■ Supplied records
....
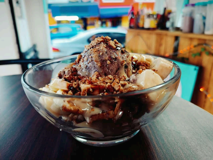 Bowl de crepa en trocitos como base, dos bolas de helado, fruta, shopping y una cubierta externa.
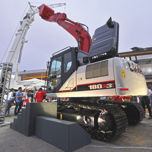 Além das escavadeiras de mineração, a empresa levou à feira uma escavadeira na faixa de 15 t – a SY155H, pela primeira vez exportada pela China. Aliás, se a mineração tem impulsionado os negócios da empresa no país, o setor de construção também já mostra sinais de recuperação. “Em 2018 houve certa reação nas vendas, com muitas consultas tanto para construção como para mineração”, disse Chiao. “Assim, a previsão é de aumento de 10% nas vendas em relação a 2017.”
....
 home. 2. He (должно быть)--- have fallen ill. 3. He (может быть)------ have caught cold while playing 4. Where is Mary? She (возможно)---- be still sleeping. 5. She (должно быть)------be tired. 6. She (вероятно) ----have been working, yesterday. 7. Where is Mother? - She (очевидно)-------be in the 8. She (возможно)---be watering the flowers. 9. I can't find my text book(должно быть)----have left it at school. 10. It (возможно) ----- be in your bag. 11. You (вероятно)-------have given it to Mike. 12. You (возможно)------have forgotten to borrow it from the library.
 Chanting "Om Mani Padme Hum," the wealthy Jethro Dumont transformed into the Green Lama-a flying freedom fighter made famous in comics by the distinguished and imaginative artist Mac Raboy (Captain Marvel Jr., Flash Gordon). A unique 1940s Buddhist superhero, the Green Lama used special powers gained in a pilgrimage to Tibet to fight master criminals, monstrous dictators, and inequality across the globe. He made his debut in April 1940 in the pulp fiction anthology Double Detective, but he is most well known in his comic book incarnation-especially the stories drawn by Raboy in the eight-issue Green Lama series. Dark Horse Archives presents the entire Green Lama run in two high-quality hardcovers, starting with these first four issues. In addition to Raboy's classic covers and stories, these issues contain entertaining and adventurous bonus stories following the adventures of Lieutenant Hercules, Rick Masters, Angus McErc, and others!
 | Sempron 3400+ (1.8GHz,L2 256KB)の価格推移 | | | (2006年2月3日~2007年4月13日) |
....
■ Work required
Print exactly the lines above that run from the one with "Bowl de crepa" down to the one with "Além das escavadeiras", and omit the pictures.

■ Task response
 Bowl de crepa en trocitos como base, dos bolas de helado, fruta, shopping y una cubierta externa.
 Além das escavadeiras de mineração, a empresa levou à feira uma escavadeira na faixa de 15 t – a SY155H, pela primeira vez exportada pela China. Aliás, se a mineração tem impulsionado os negócios da empresa no país, o setor de construção também já mostra sinais de recuperação. “Em 2018 houve certa reação nas vendas, com muitas consultas tanto para construção como para mineração”, disse Chiao. “Assim, a previsão é de aumento de 10% nas vendas em relação a 2017.”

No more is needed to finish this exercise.